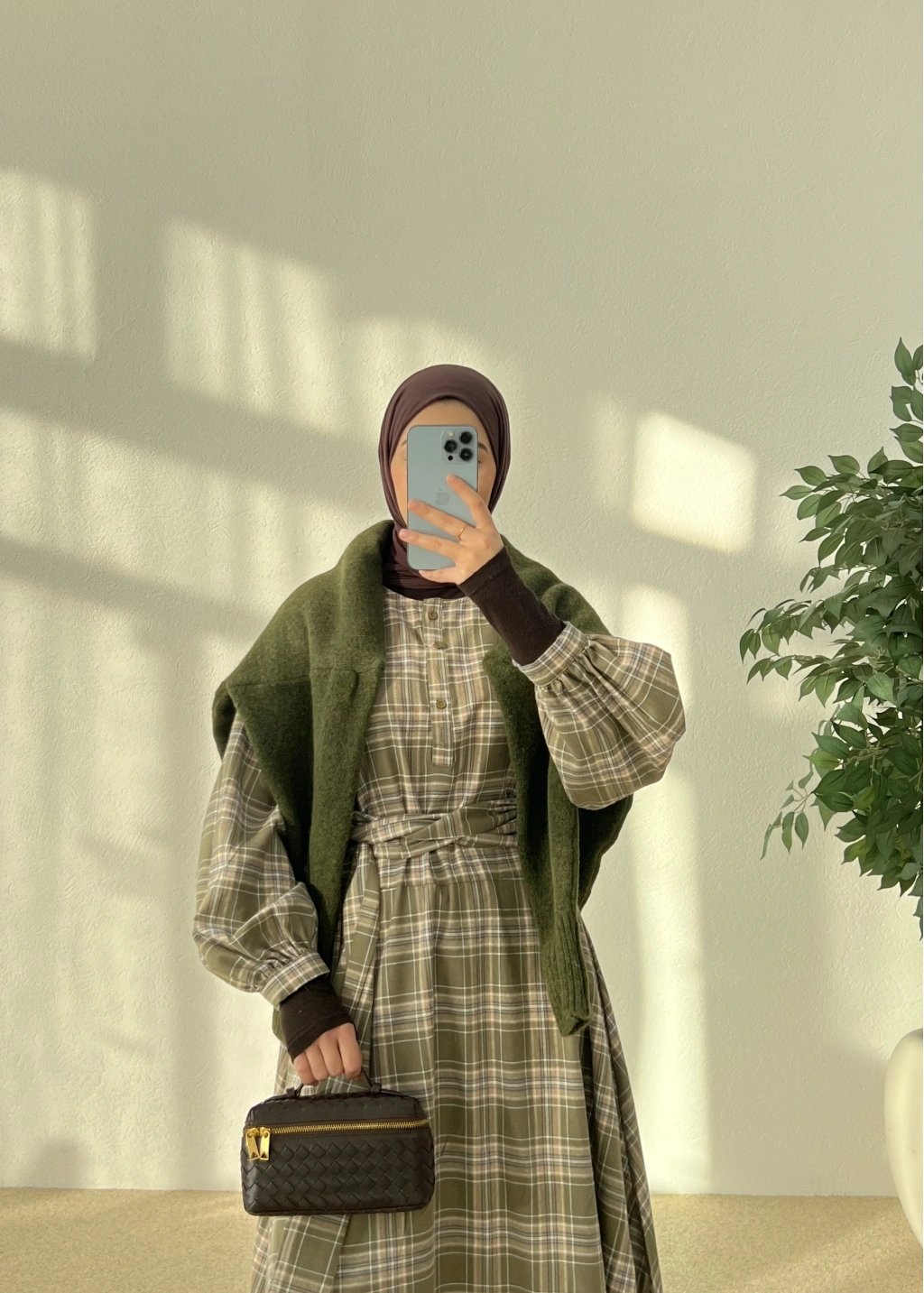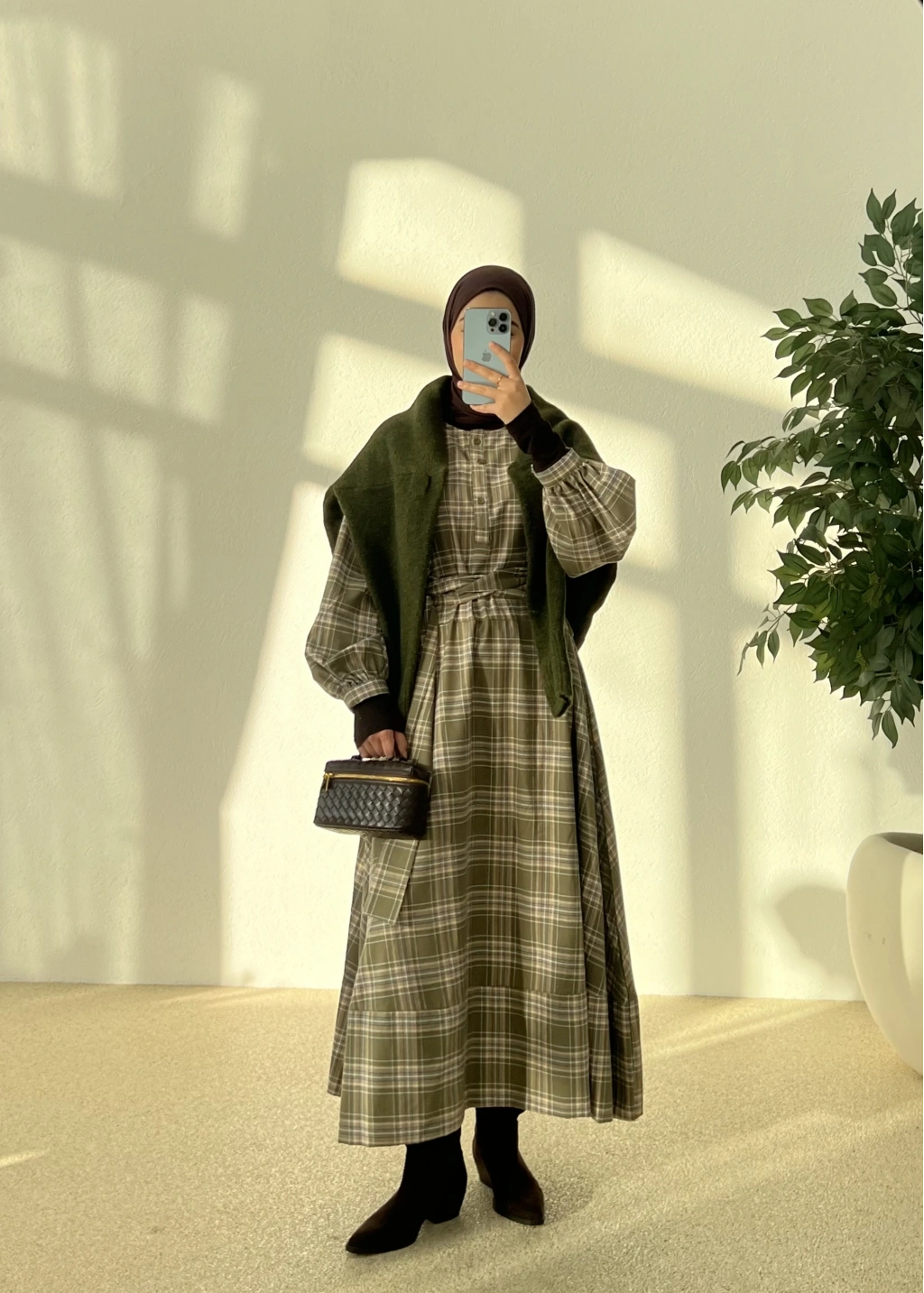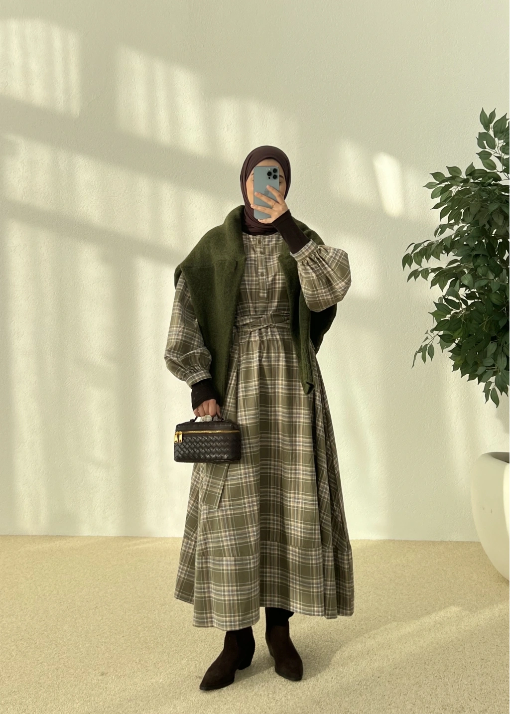 Zr Kareli Gömlek Elbise Açık Yeşil
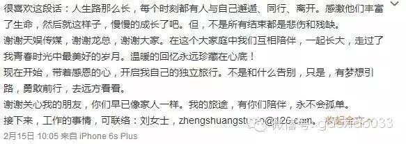 工作室出了声明,跟天娱解约。
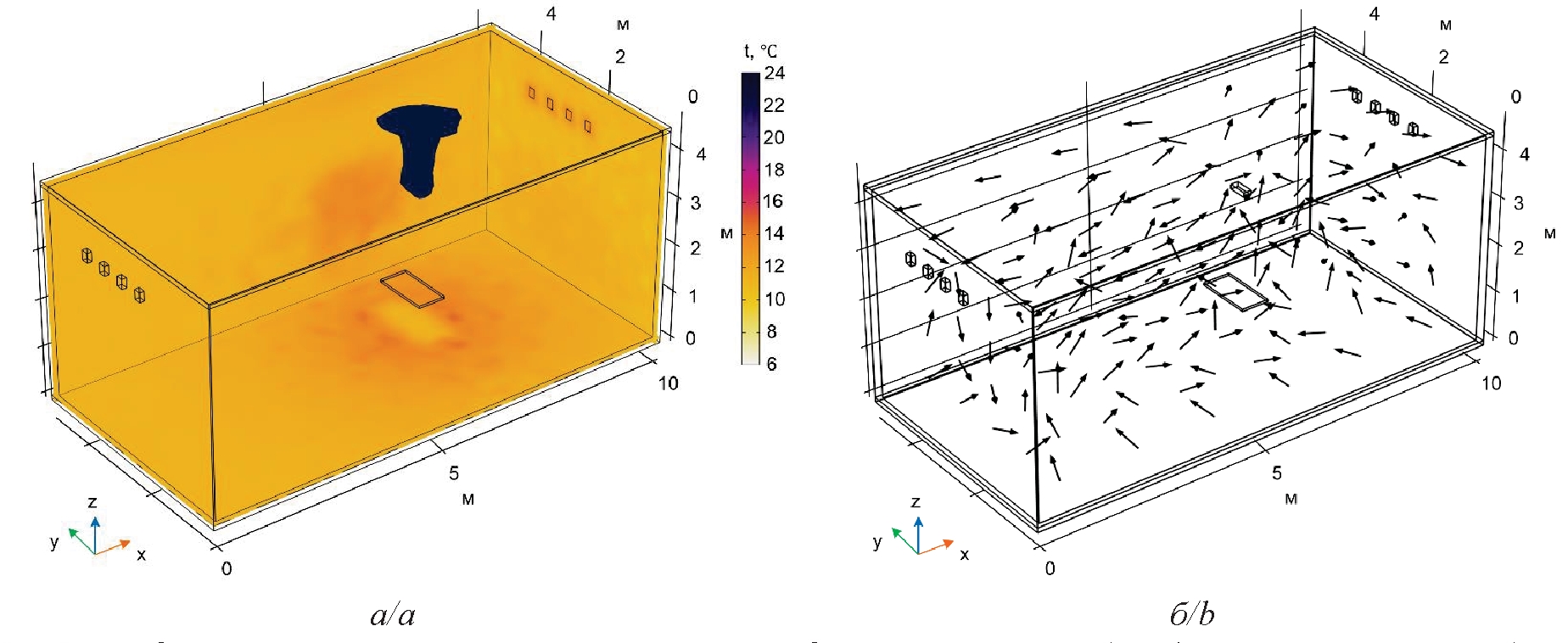 Рис. 2. Распределение температур на поверхностях ограждающих конструкций и область с температурой воздуха 24 ℃ (а) и векторное поле движения воздуха в рассматриваемой области (б) через 60 минут работы газового инфракрасного нагревателя и системы воздухообмена
= = = = = = =
**Problem:** Everything in the listing above except the pictures should be duplicated exactly.

**Result for this task:**
 Zr Kareli Gömlek Elbise Açık Yeşil
 工作室出了声明,跟天娱解约。
 Рис. 2. Распределение температур на поверхностях ограждающих конструкций и область с температурой воздуха 24 ℃ (а) и векторное поле движения воздуха в рассматриваемой области (б) через 60 минут работы газового инфракрасного нагревателя и системы воздухообмена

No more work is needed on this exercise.